The best outdoor air has all six pollutants at a fraction of these limits. Remote coastal areas, high-altitude locations, and regions far from highways and industry tend to come closest.
Indoor Air Quality: A Different Set of Rules
You spend roughly 90% of your time indoors, where air quality depends on ventilation, humidity, and pollutant sources that don’t show up on the AQI. Indoor air can be two to five times more polluted than outdoor air, depending on your home’s ventilation, the products you use, and your cooking habits.
The EPA recommends keeping indoor humidity between 30 and 50 percent. Below 30%, your airways dry out and become more vulnerable to irritation. Above 50%, mold and dust mites thrive. A simple hygrometer (available for under $15) lets you monitor this.
Volatile organic compounds, or VOCs, are gases released by paint, cleaning supplies, furniture, air fresheners, and building materials. There are no federal standards for VOC levels in homes, which means you’re largely on your own. The most effective strategy is source control: choosing low-VOC paints, avoiding aerosol sprays, and ventilating rooms after bringing in new furniture or cleaning.
How Much Ventilation You Actually Need
Fresh air exchange is one of the most important factors in indoor air quality, and it’s the one most homes get wrong. Harvard’s School of Public Health recommends aiming for at least 5 to 6 air changes per hour (ACH) in occupied rooms to achieve what they classify as “excellent” to “ideal” air quality. That means the entire volume of air in a room is replaced with clean air 5 to 6 times every hour. Below 3 ACH, air quality is considered low.

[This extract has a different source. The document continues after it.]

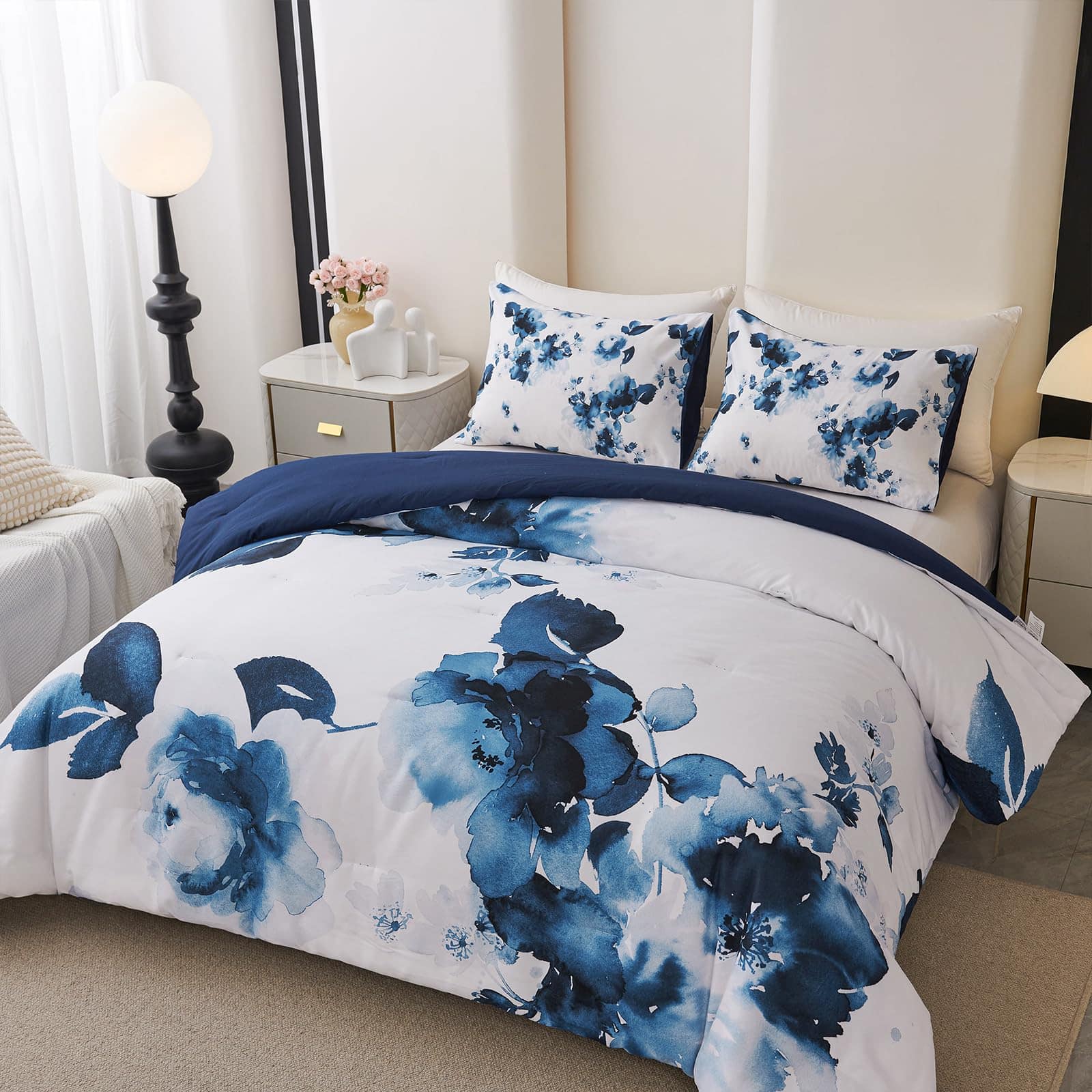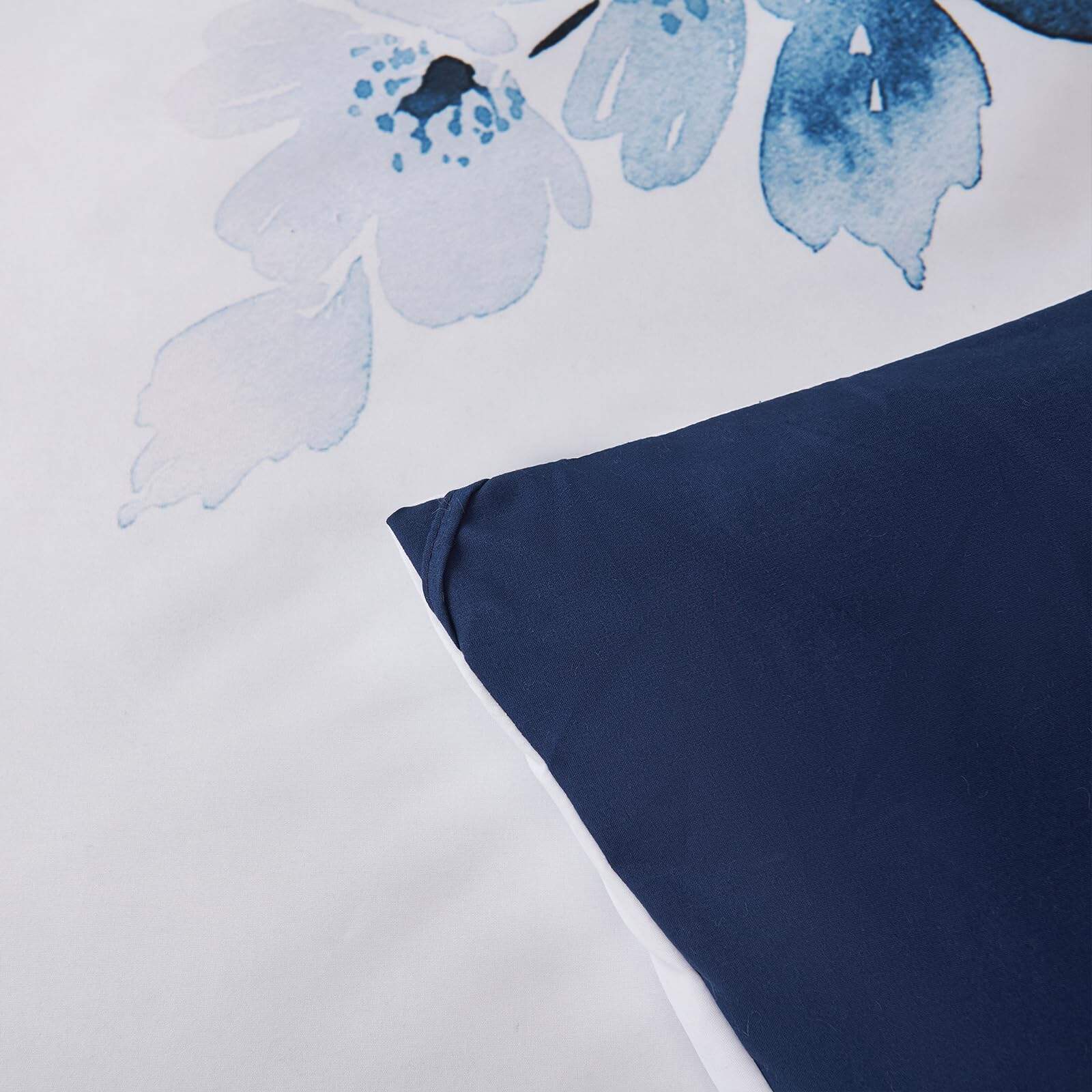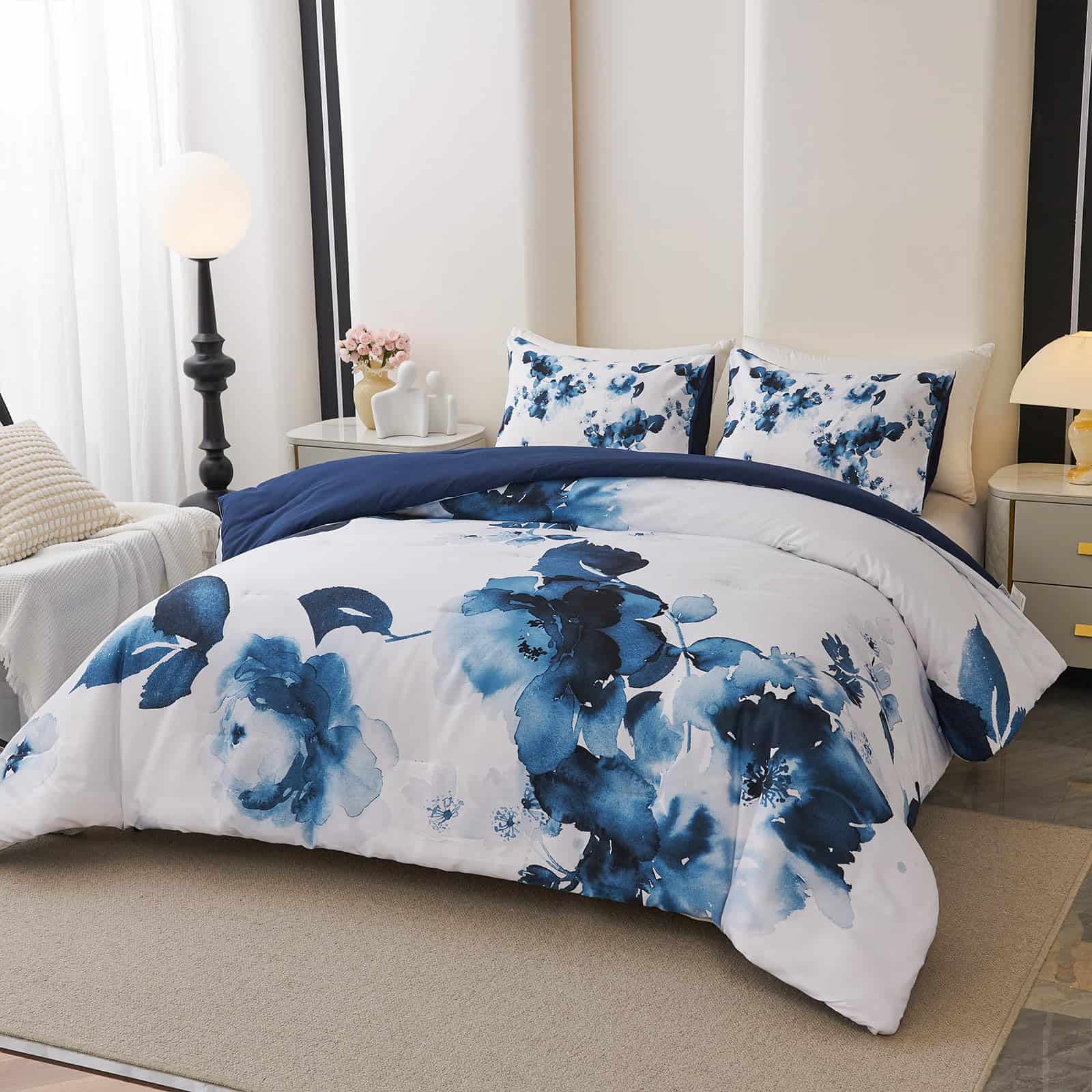 1. Diseño Floral Artístico: Presenta un impresionante patrón floral acuarela en tonos azules profundos sobre un fondo blanco nítido, añadiendo un toque artístico y sereno a cualquier decoración de dormitorio.
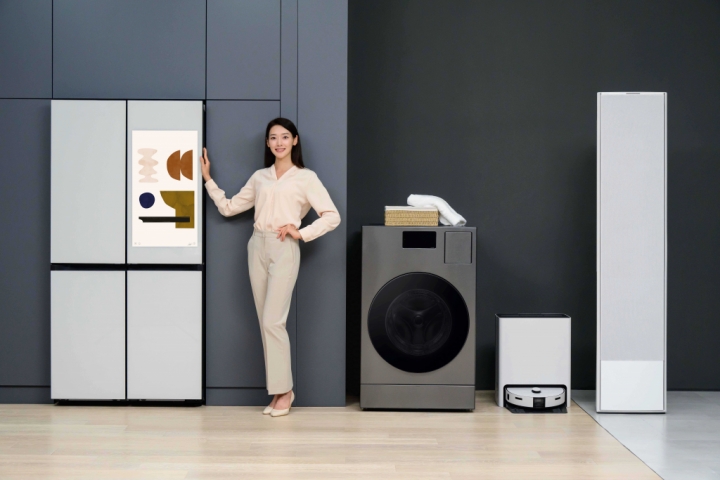 ▲ 삼성전자 모델이 인공지능(AI) 음성비서 ‘빅스비(Bixby)’가 적용돼 음성 명령으로 더욱 손쉽게 제어할 수 있는 ‘비스포크 AI 가전’을 소개하고 있다.

You can increase air exchanges by opening windows on opposite sides of a room (cross-ventilation), running exhaust fans, or using a portable air purifier with a HEPA filter. When shopping for an air purifier, look for the clean air delivery rate (CADR) on the label. Harvard’s portable air cleaner sizing tool recommends matching the CADR to your room size and desired air changes per hour. A higher CADR relative to room size means cleaner air. As a rough guide, your purifier’s CADR (in cubic feet per minute) should be at least two-thirds of the room’s square footage to reach the “good” threshold of 4 to 5 ACH.
What You Can Control Day to Day
Checking the AQI before outdoor activities is a good start, especially if you exercise outside or have asthma. On days when the AQI creeps above 50, consider shifting workouts indoors or to early morning hours when ozone is lower. Wildfire smoke events can push AQI into the hundreds with little warning, so setting up air quality alerts on your phone through apps like AirNow gives you a practical head start.
Indoors, the combination of source control, ventilation, and filtration covers most of the territory. Cook with your range hood on (vented to the outside, not recirculating). Keep windows open when weather and outdoor air quality allow. Run a HEPA purifier in bedrooms where you spend 7 to 8 hours sleeping. Test for radon if you haven’t already, since it’s the second leading cause of lung cancer and is present in homes across every state.
The best air quality, both indoors and out, isn’t a single number. It’s a combination of low particulate matter, minimal chemical exposure, proper humidity, and steady fresh air flow. Most people can’t control what’s happening outside, but even small changes to how you ventilate and filter indoor spaces can bring the air you actually breathe much closer to those ideal thresholds.